Records contained in a dataset
=====

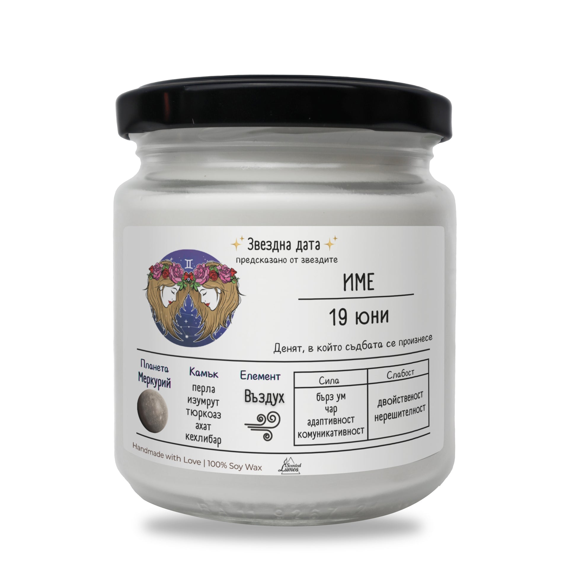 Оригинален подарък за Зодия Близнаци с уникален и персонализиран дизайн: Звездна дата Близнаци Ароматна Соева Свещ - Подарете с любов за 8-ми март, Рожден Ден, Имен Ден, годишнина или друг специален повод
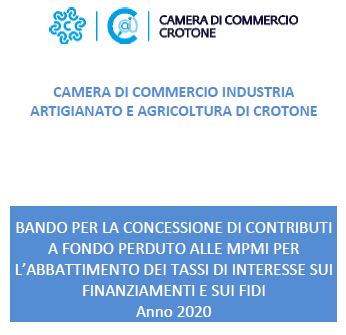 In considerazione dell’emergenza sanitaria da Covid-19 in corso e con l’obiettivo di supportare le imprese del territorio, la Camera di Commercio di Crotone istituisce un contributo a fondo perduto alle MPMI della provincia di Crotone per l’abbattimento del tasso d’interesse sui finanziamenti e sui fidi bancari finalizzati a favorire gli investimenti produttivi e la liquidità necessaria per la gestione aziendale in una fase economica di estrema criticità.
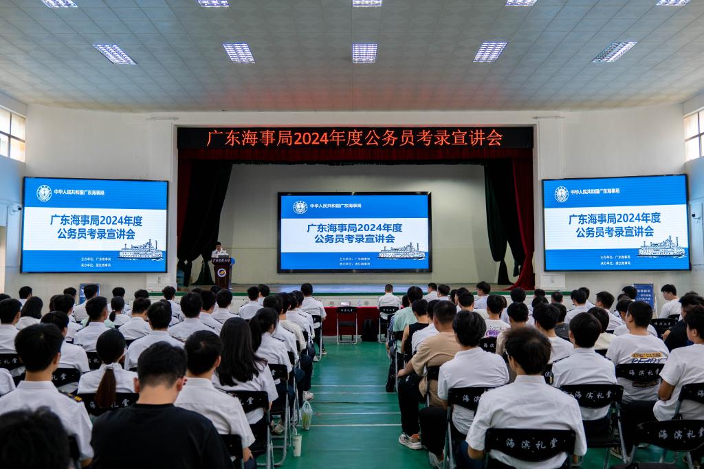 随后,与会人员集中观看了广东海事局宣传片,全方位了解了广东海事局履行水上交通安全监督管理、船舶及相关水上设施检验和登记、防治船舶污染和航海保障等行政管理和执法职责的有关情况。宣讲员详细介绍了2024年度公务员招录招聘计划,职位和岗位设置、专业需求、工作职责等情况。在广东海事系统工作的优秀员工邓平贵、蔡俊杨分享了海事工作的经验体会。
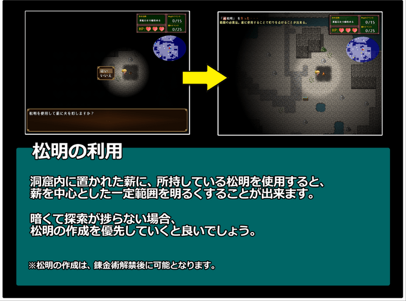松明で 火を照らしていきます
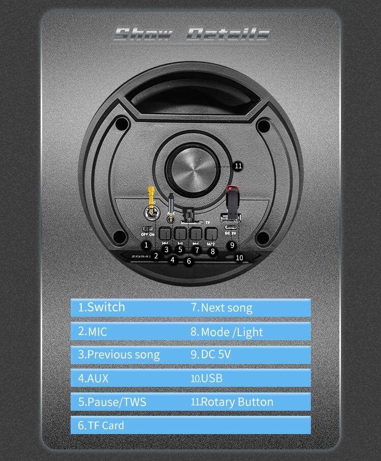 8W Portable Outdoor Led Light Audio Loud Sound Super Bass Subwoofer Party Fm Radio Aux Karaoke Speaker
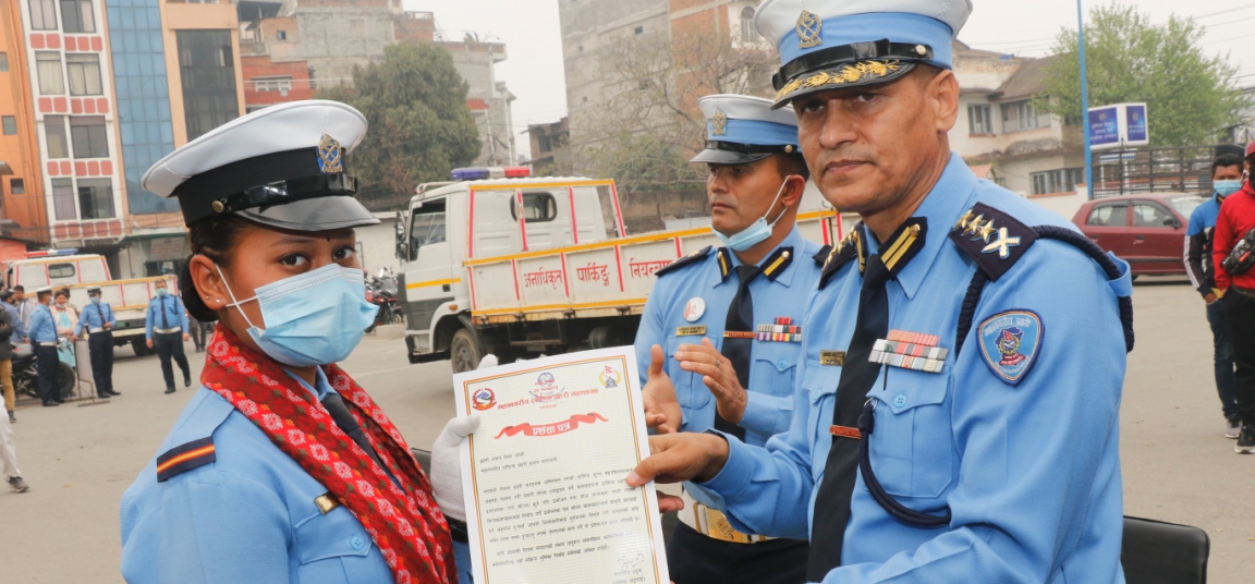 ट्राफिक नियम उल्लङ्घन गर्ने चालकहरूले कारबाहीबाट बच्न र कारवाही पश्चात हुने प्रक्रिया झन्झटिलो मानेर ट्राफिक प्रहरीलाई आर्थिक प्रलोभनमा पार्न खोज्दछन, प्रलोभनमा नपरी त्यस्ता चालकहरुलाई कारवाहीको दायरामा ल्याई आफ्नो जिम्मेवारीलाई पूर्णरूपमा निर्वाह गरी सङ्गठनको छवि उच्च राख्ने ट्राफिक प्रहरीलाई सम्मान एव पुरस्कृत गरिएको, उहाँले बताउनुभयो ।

=====

Task to complete: The lines needed run from the first line of the records through the line containing "In considerazione dell’emergenza", both included. Restate them word for word, without pictures.

Output for this task:
 Оригинален подарък за Зодия Близнаци с уникален и персонализиран дизайн: Звездна дата Близнаци Ароматна Соева Свещ - Подарете с любов за 8-ми март, Рожден Ден, Имен Ден, годишнина или друг специален повод
 In considerazione dell’emergenza sanitaria da Covid-19 in corso e con l’obiettivo di supportare le imprese del territorio, la Camera di Commercio di Crotone istituisce un contributo a fondo perduto alle MPMI della provincia di Crotone per l’abbattimento del tasso d’interesse sui finanziamenti e sui fidi bancari finalizzati a favorire gli investimenti produttivi e la liquidità necessaria per la gestione aziendale in una fase economica di estrema criticità.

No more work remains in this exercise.